Bloomberg

(Bloomberg) -- Prada SpA reported the first decline in opening-half sales since its 2011 listing as weak demand in China and terrorist attacks in Europe continued to weigh on the Italian luxury-goods maker.

Revenue fell 15 percent to 1.55 billion euros ($1.8 billion), the Hong Kong-listed company said in a statement Friday, missing the 1.65 billion-euro average analyst estimate compiled by Bloomberg. Earnings also declined, though by slightly less than analysts predicted.

As the wider luxury industry struggles for growth, Prada has been hit harder than most. That’s partly because its handbags are too expensive and it’s been too slow to invest online, according to Sanford C. Bernstein analysts. The company is seeking to address those issues amid two years of stagnant sales and its lowest profit in five years.

“Management sees 2016 as a turning point from where the group will return to growth by focusing on the values that made Prada the iconic company it is today,” the company said in the statement.

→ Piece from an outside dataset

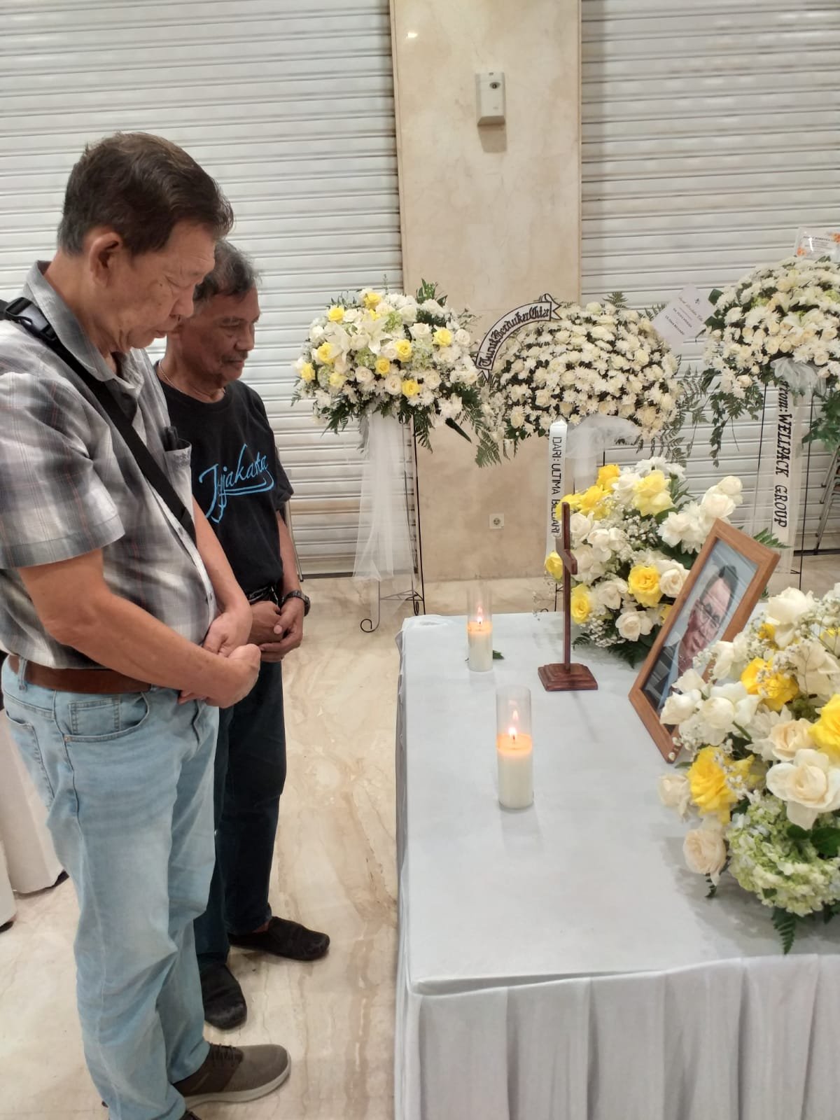 Saya menggelengkan kepala…..baru pertama kali ini kami alami suasana pelayatan seperti itu ….. luar biasa penuh para pelayat yang datang memberi penghormatan terakhir kepada Toto Wijaya (RIP) yang dikenal sebagai orang yang ramah, sabar, murah senyum, baik hati, tidak suka marah, dan suka berteman. Di depan jenazahnya, kami berdoa sejenak. Selamat jalan, sobat kami Toto Wijaya.

Prada plans to double its e-commerce sales over the next two years by increasing the number of categories it offers online, particularly shoes, and expanding its social media activities.

Earnings before interest, tax, depreciation and amortization fell 25 percent to 330 million euros in the six months, according to the statement. Analysts estimated 327.8 million euros.

The results were released after the close of trading in Hong Kong, where Prada shares closed up 2.1 percent at $HK21.75.